Despite traded volumes seeing a 27.8% YoY decrease to USD5.3 billion in 2017, how would you asses the year?
2017 traded volumes were similar to non-extraordinary years, 1.46% more than 2015. 28 new corporate securities were issued for over USD3.2 billion, 55.4% of which were on our primary market, 13.5% on our secondary market, and the remainder on our repurchase market. 2016 was an extraordinary year for the exchange, as we had important government-issued securities throughout the Government Market Makers Program, an asset liability management program conducted by the government that increased the volumes on these securities as well. We also had important activity on the corporate side, with new issues over USD500 million. Therefore, 2017 was a good year in terms of volume and new issuers coming into the capital markets.
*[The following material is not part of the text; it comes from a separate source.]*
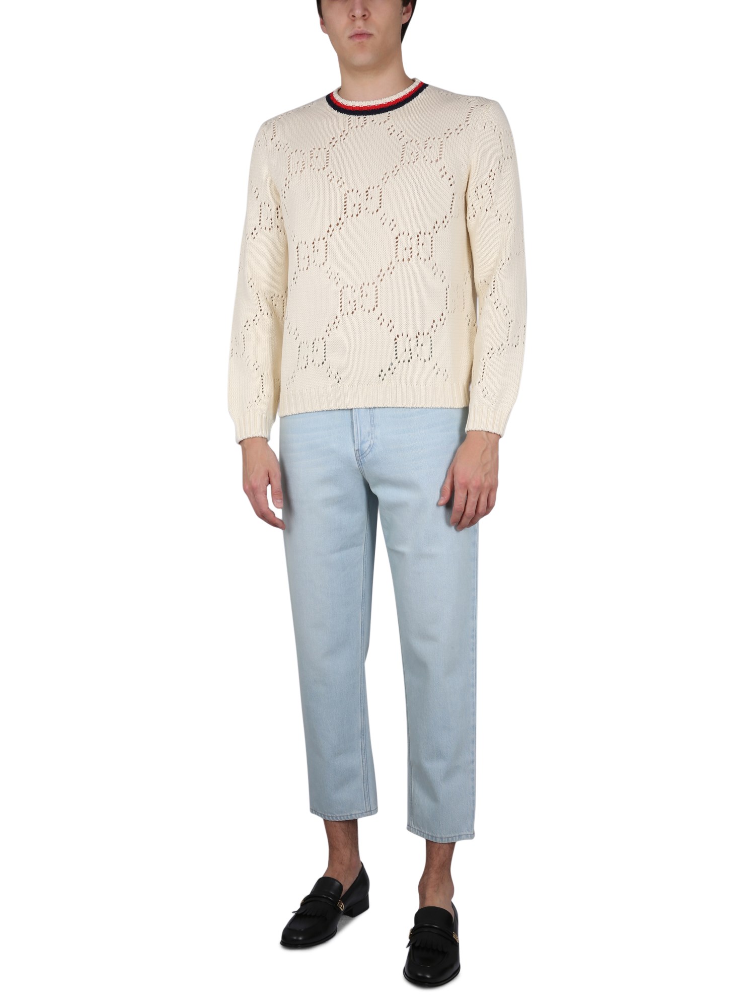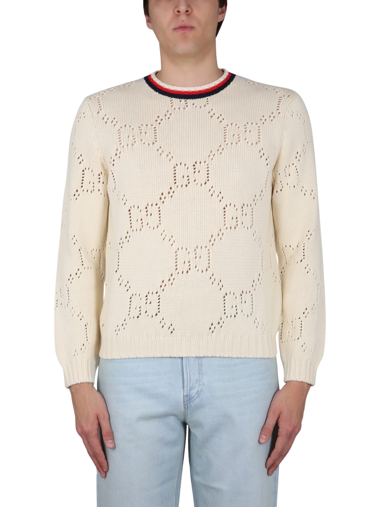 - GIROCOLLO - COTONE GG TRAFORATO - FINITURA A COSTE - REGULAR FIT - 100% COTONE- MADE IN ITALY- IL MODELLO È ALTO 190 CM E INDOSSA LA TAGLIA L

Can you elaborate on the highlights of the integration of the Panama and El Salvador exchanges?
The integration has exceeded our expectations. We started with our first trading transaction in May, and by the close of the year trading volume was slightly over USD17 million. By early 2018, we had transactions on both markets for a total of USD51 million, with four remote operators from El Salvador and three from Panama. As growing expectations of the integration between our countries grow, we have received interest from other exchanges to join. In December 2016, the exchanges from El Salvador, Panama, and Nicaragua signed an MoU and have started meetings with our regulators. We have also been in conversation with other exchanges from the region, but have not yet signed MoUs. Interest has also been received from an exchange in South America, with whom we have already had our first meeting.
What are you main goals and focuses for this year?
One of the major initiatives we are working on this year is replacing our existing trading platform to NASDAQ's market technology. It is an important investment for us and key to our strategy for becoming the hub of the capital markets of the region. We are also focusing on regional market integration and plan to work on starting the integration process with one or two other markets by the end of this year. One of the major goals we have been working on for the past four years is our i-Link with Euroclear, which has three phases: the first is for government-issued securities that we have had since April 2014, the second is for corporate debt securities, and the third is for equities and mutual funds. The second and third phases have not yet been launched, and we are focusing on working along with the government and Euroclear to be able to have the second phase available by the end of 2018 or beginning of 2019.